Single by Blaque

from the album Blaque
- Released: July 28, 1999
- Genre: Bubblegum pop; R&B;
- Length: 3:27
- Label: Columbia
- Songwriter: Natina Reed
- Producers: Michael Anthony; Elgin Manson (album version); Trackmasters (remix version);

Blaque singles chronology
| "808" (1999) | "I Do" (1999) | "Bring It All to Me" (1999) |

Lisa Lopes singles chronology
| "U Know What's Up" (1999) | "I Do" (1999) | "Never Be the Same Again" (2000) |

= I Do (Blaque song) =

1999 single by Blaque

"I Do" is a song released in 1999 by the American vocal trio, Blaque. It was released as the group's second single in the United States and Japan, and the third single in Europe.

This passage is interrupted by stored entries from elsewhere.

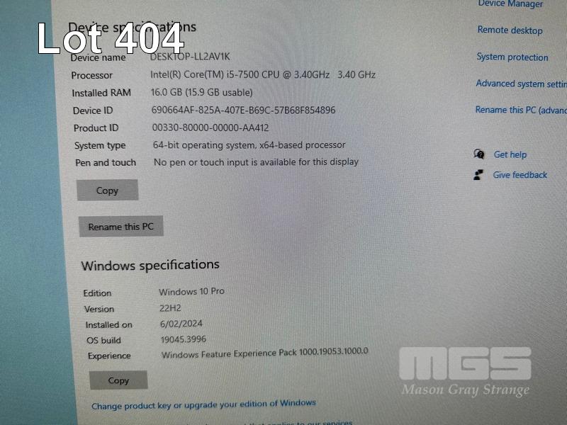 DESKTOP PC, CUSTOM BUILT, CORE i5 7500 (7TH GEN) @ 3.4GHz, 16GB DDR4 RAM, 250GB SSD, WINDOWS 10 PRO INSTALLED (NO KEYBOARD, NO MOUSE, NO CABLES)
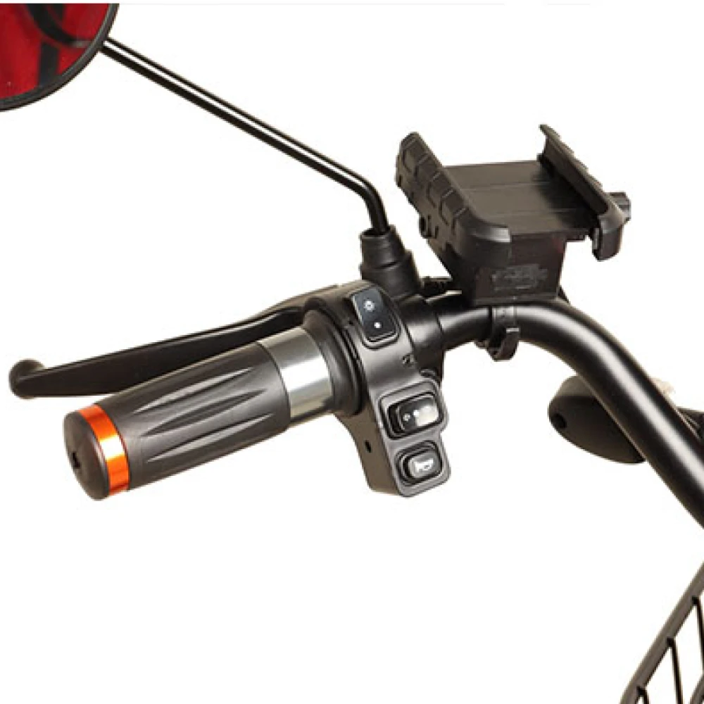 Безопасность на дороге обеспечивается барабанными тормозами, которые гарантируют надежное торможение в любых условиях. Дополнительные функции, такие как передний фонарь, поворотники и сигнал, повышают видимость и безопасность в темное время суток, что особенно важно для городских поездок.
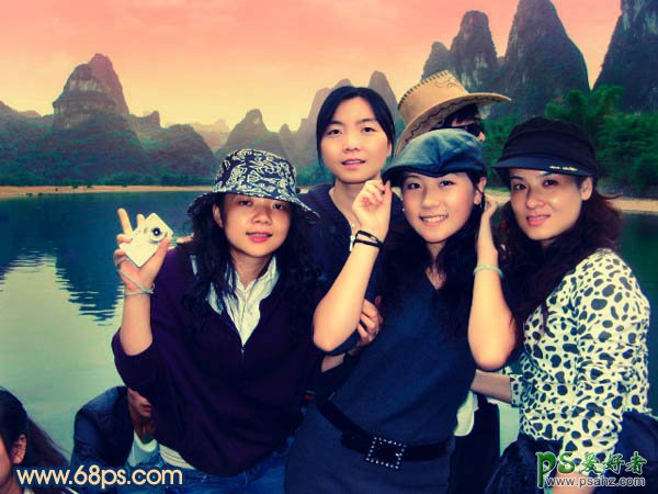 photoshop给一张合影照片调出晚霞色彩
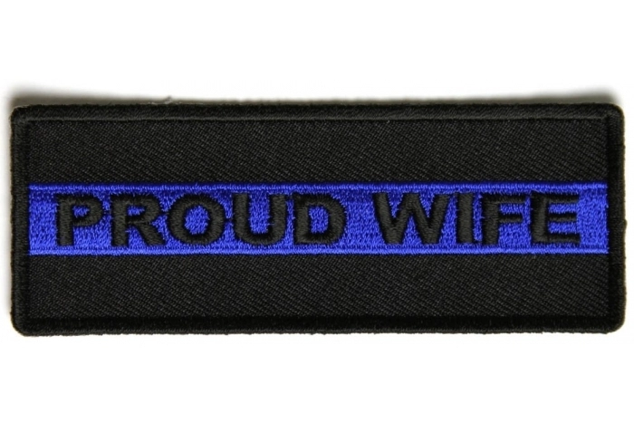 Proud Wife Police Patch measures 4x1.5 inches and is Embroidered in Black / Blue. The Small Patch can be sewn on or ironed on to clothing such as Denim or Leather Jackets, Vests, Hats, Back Packs, Shirts. Features plastic backing and embroidered die cut borders.
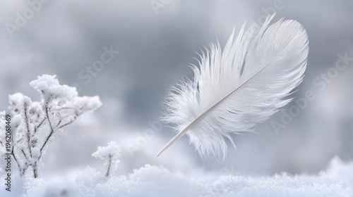 Delicate white feather gently drifting down through soft, misty clouds in a serene sky
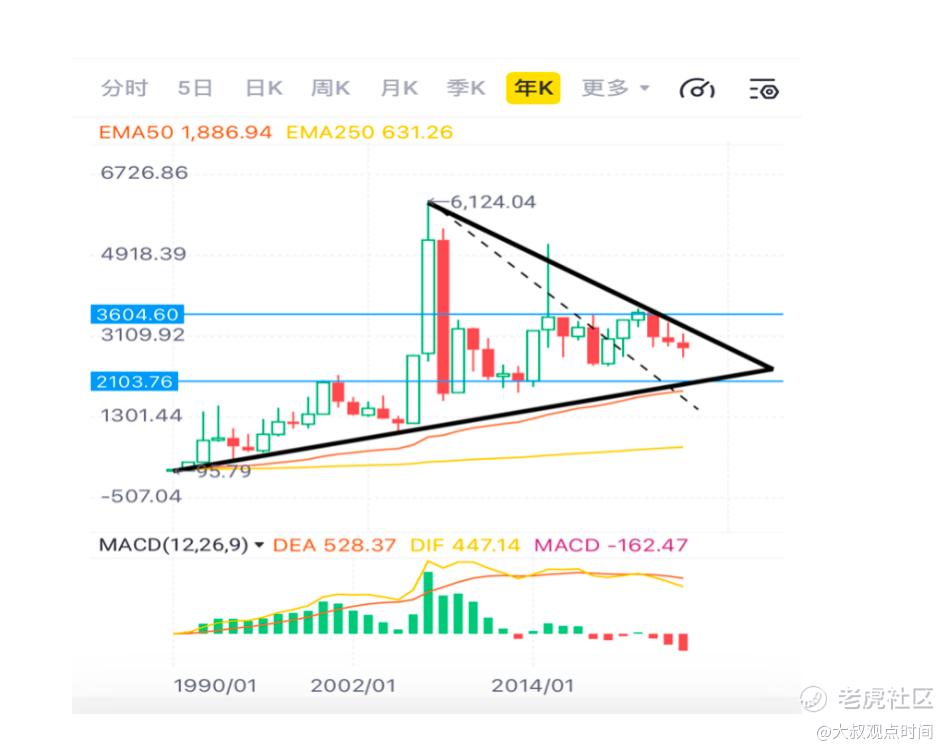 那條和50-Period的平均移動線相似的黑色向上實線是長期的支撐線,和黑色向下的阻力線形成一個三角形,像一面旗��。後市的走勢要麼收復今年的失地向上突破形成新的行情,要麼繼續向下再測試有史以來(1990年開始)的長期支撐。需要我們長期的耐心來等待和驗證。

== Background and composition ==
Musically, it is a mid-tempo pop song with a "funked" up-style production similar to the Spice Girls. It has an "Instant hook, highly accessible melody and youthful vocals". The songs structure have typical R&B/hip hop based verses, while its chorus has a 1960's styled hook "filled with shoo-bop shoo-bop" ad libs reminiscent of The Supremes. The chorus also includes other sounds such as clapping in the background. In addition the song has a tempo of 128 beats per minutes in the key of C major.

==Release==
Originally, "I Do" was planned to be the second official single for Blaque in the United States since early in their debut album's roll out. However, because of the demand and success on Rhythmic radio that "Bring It All to Me" had in comparison, its promotion was postponed to 2000. In early 2000, the song was reworked and remixed by Trackmasters and sent to U.S. urban radio. The song's remix is a street-edged dance track with a funky bassline. It also features a sample of "I'll Do 4 U" by Father MC. This remix is one of the three remixes the duo produced for the group.

== Music video ==
A music video for "I Do" was directed by Bille Woodruff. The video opens with a cartoon portrait of Blaque displayed on a television screen before cutting to the group performing the verses on a vibrant, colorful set. The members wear sleek white outfits accented with silver, as the visuals ripple and glitch to mimic the effect of flipping through TV channels. During the chorus, the trio appears in striking hot pink ensembles, dancing in a futuristic fuchsia set alongside male background dancers. The scene then transitions to a regal purple backdrop, where the group dons luxurious velvet and fur pieces while standing before massive doors adorned with their animated portraits. In this sequence, the members are shown being watched from a futuristic tablet. For Natina’s verse, she appears in a karate uniform, skillfully wielding nunchucks under the training of Lisa "Left Eye" Lopes, culminating in a playful sparring match between the two during Lopes’s verse. Near the end, Blaque pays homage to The Matrix with a dramatic slow-motion leap enhanced by bullet time effects, closing the video on a bold, cinematic note.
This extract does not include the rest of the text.